Exercise requirements: Look below for the line that contains "小(3画)野(11画)口(3画) 総(17画)一(1画)朗(11画)", then copy it and each following line to the end of the records, minus any pictures.

[[ Supplied data open ]]

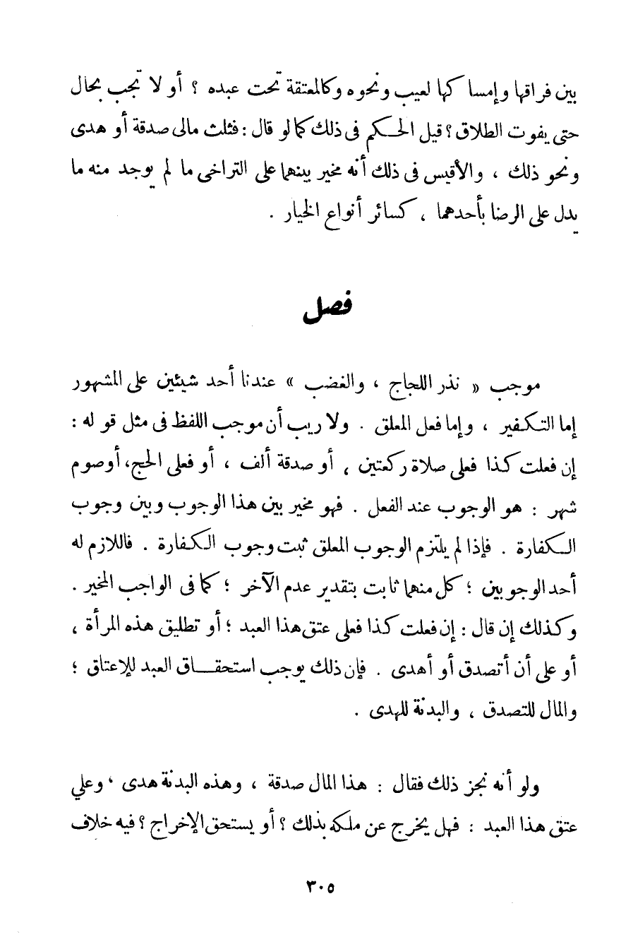 مُوجَبُ " نَذْرِ اللَّجَاجِ وَالْغَضَبِ " عِنْدَنَا أَحَدُ شَيْئَيْنِ عَلَى الْمَشْهُورِ إمَّا التَّكْفِيرُ وَإِمَّا فِعْلُ الْمُعَلَّقِ. وَلَا رَيْبَ أَنَّ مُوجَبَ اللَّفْظِ فِي مِثْلِ قَوْلِهِ: إنْ فَعَلْت كَذَا فَعَلَيَّ صَلَاةُ رَكْعَتَيْنِ أَوْ صَدَقَةُ أَلْفٍ أَوْ فَعَلَيَّ الْحَجُّ أَوْ صَوْمُ شَهْرٍ: هُوَ الْوُجُوبُ عِنْدَ الْفِعْلِ. فَهُوَ مُخَيَّرٌ بَيْنَ هَذَا الْوُجُوبِ وَبَيْنَ وُجُوبِ الْكَفَّارَةِ. فَإِذَا لَمْ يَلْتَزِمُ الْوُجُوبَ الْمُعَلَّقَ ثَبَتَ وُجُوبُ الْكَفَّارَةِ. فَاللَّازِمُ لَهُ أَحَدُ الوجوبين؛ كُلٌّ مِنْهُمَا ثَابِتٌ بِتَقْدِيرِ عَدَمِ الْآخَرِ؛ كَمَا فِي الْوَاجِبِ الْمُخَيَّرِ. وَكَذَلِكَ إنْ قَالَ: إنْ فَعَلْت كَذَا فَعَلَيَّ عِتْقُ هَذَا الْعَبْدِ؛ أَوْ تَطْلِيقُ هَذِهِ الْمَرْأَةِ أَوْ عَلَيَّ أَنْ أَتَصَدَّقَ أَوْ أَهْدِيَ. فَإِنَّ ذَلِكَ يُوجِبُ اسْتِحْقَاقَ الْعَبْدِ لِلْإِعْتَاقِ؛ وَالْمَالِ لِلتَّصَدُّقِ وَالْبَدَنَةِ لِلْهَدْيِ. وَلَوْ أَنَّهُ نَجَّزَ ذَلِكَ فَقَالَ: هَذَا الْمَالُ صَدَقَةٌ وَهَذِهِ الْبَدَنَةُ هَدْيٌ وَعَلَيَّ عِتْقُ هَذَا الْعَبْدِ: فَهَلْ يَخْرُجُ عَنْ مِلْكِهِ بِذَلِكَ؟ أَوْ يَسْتَحِقُّ الْإِخْرَاجَ؟ فِيهِ خِلَافٌ
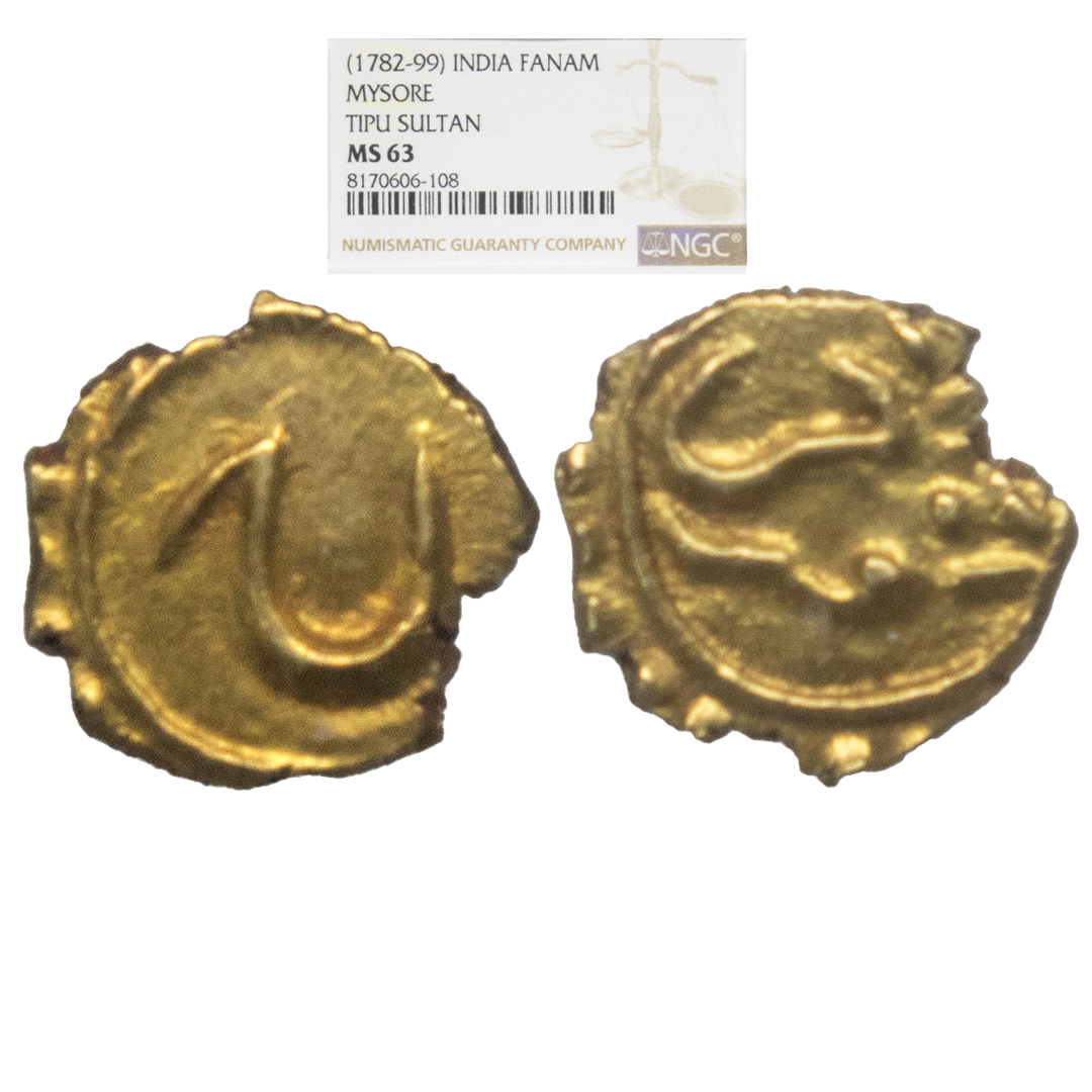 Mysore Kingdom, Tipu Sultan (AH 1197-1213 /1782-1799 AD), Farruqi Mint, Gold Fanam, Obv: Persian letter Ha in a dotted circle, Rev: Persian legend zarb Farruqi & sana Hijri year at the top, 0.38g, 7.55mm, (KM # 78), graded & slabbed by NGC as MS 63, Rare in this grade.
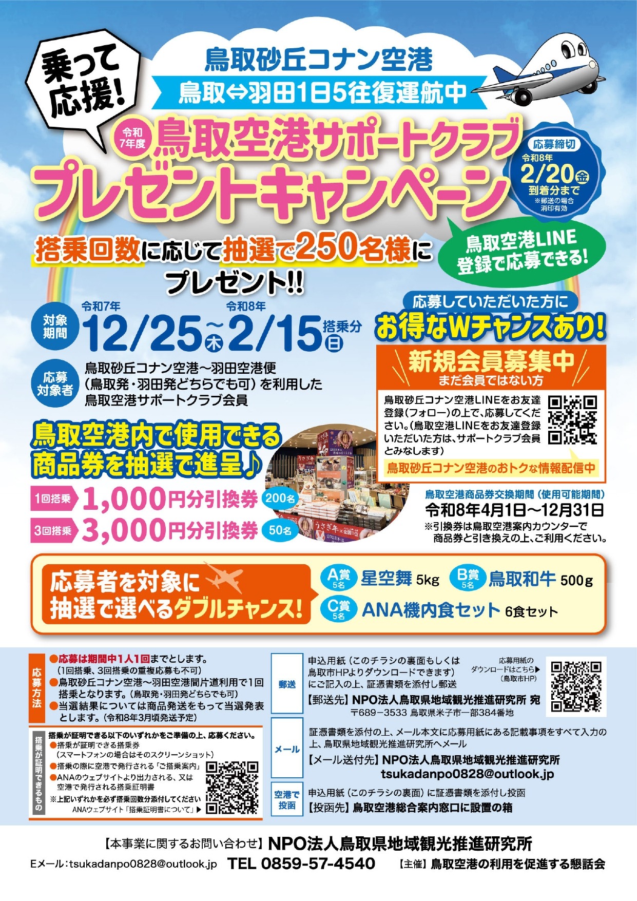 乗って応援!鳥取空港サポートクラブ 利用促進プレゼントキャンペーン
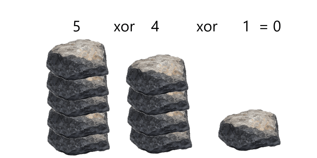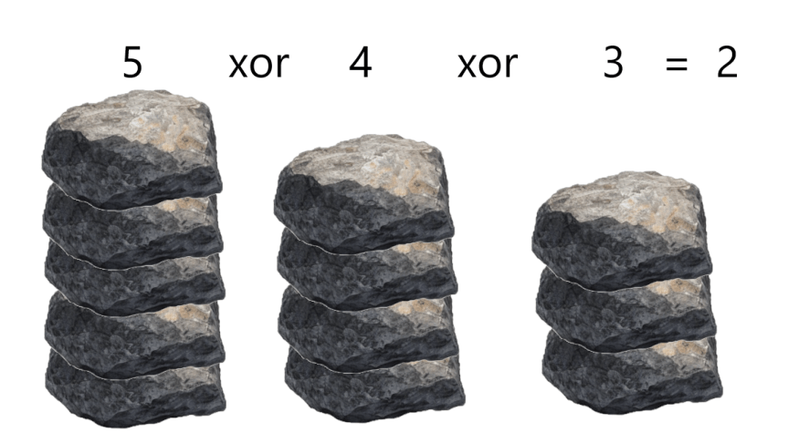 每一堆的數量做 計算,得到尼姆數,如:
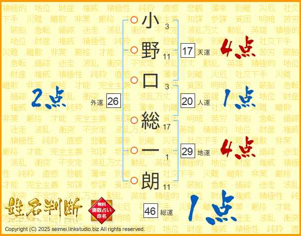 小(3画)野(11画)口(3画) 総(17画)一(1画)朗(11画)
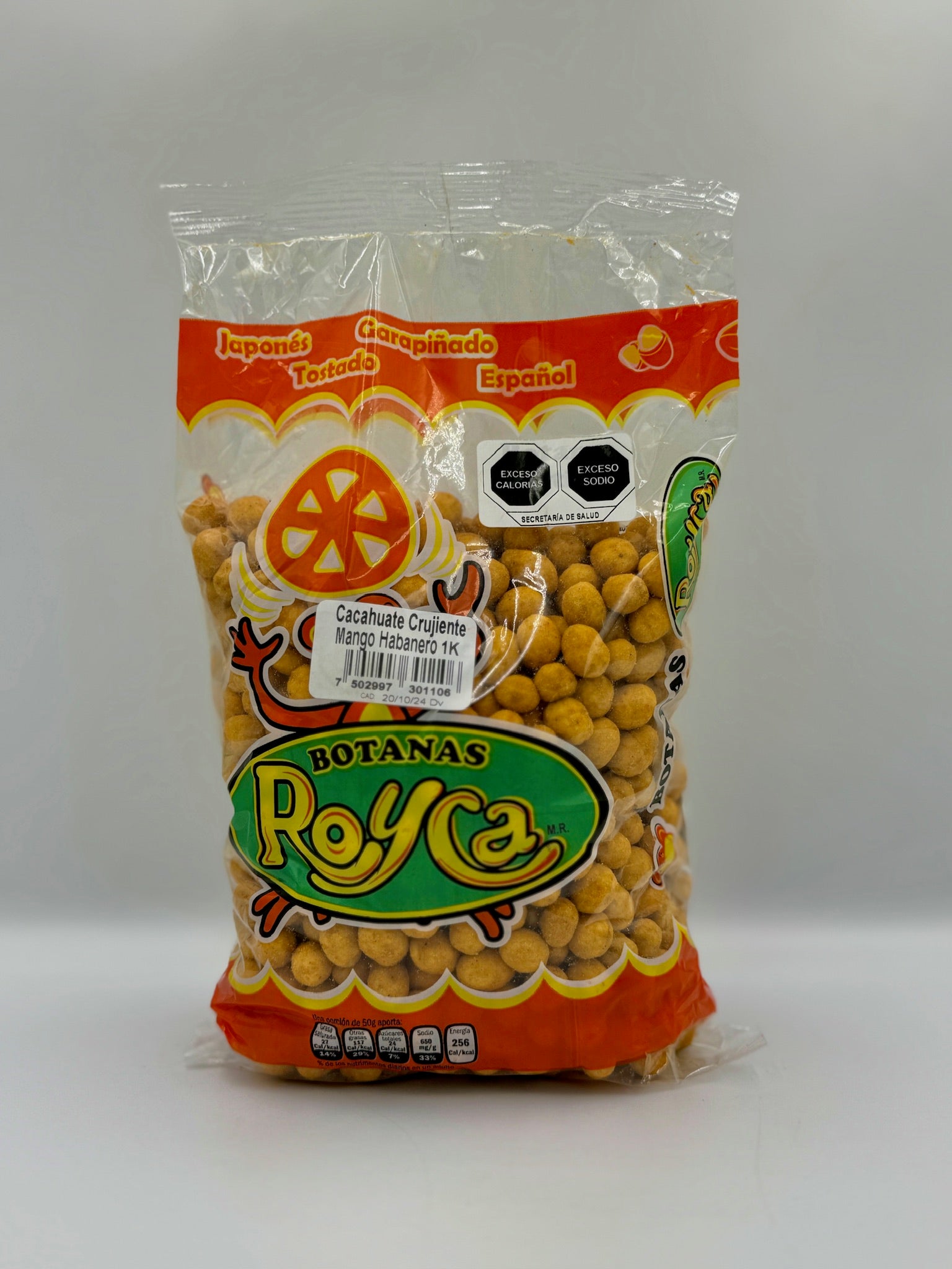 Cacahuate frito con una cubierta crujiente de harina espolvoreado con chile mango habanero, contiene 1kg de producto
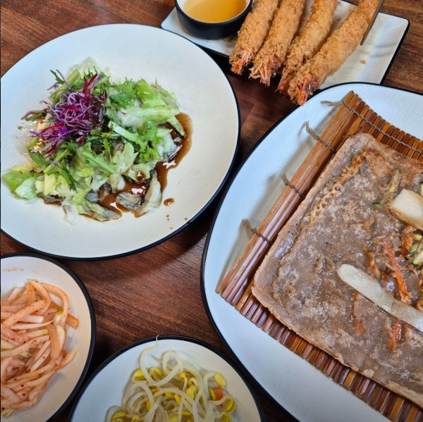 이어지는 공주 동학사 맛집은 매콤한 쭈꾸미 볶음 정식세트를 전문으로 하는 주꾸미 전문점 홍기와쭈꾸미입니다. 1인 기준 12,000원의 정식 세트 주문 시 메인 주꾸미 볶음에 샐러드와 묵사발 그리고 도토리전이 함께 나오는 정식이 유명한 곳인데요. 넓고 아늑한 한옥 인테리어에 매콤한 주꾸미 볶음과 바삭한 왕새우튀김까지 같이 드시기 좋은 동학사 현지인 맛집입니다.
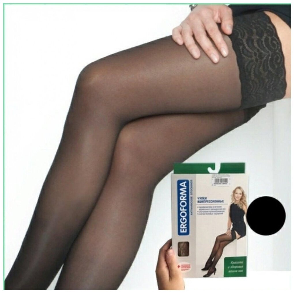 Чулки компрессионные Ergoforma 221 с ажурной резинкой на силиконовых лентах, 2 класс, Размер 3, Черный

[[ Supplied data closed ]]

Reply:
 小(3画)野(11画)口(3画) 総(17画)一(1画)朗(11画)
 Cacahuate frito con una cubierta crujiente de harina espolvoreado con chile mango habanero, contiene 1kg de producto
 이어지는 공주 동학사 맛집은 매콤한 쭈꾸미 볶음 정식세트를 전문으로 하는 주꾸미 전문점 홍기와쭈꾸미입니다. 1인 기준 12,000원의 정식 세트 주문 시 메인 주꾸미 볶음에 샐러드와 묵사발 그리고 도토리전이 함께 나오는 정식이 유명한 곳인데요. 넓고 아늑한 한옥 인테리어에 매콤한 주꾸미 볶음과 바삭한 왕새우튀김까지 같이 드시기 좋은 동학사 현지인 맛집입니다.
 Чулки компрессионные Ergoforma 221 с ажурной резинкой на силиконовых лентах, 2 класс, Размер 3, Черный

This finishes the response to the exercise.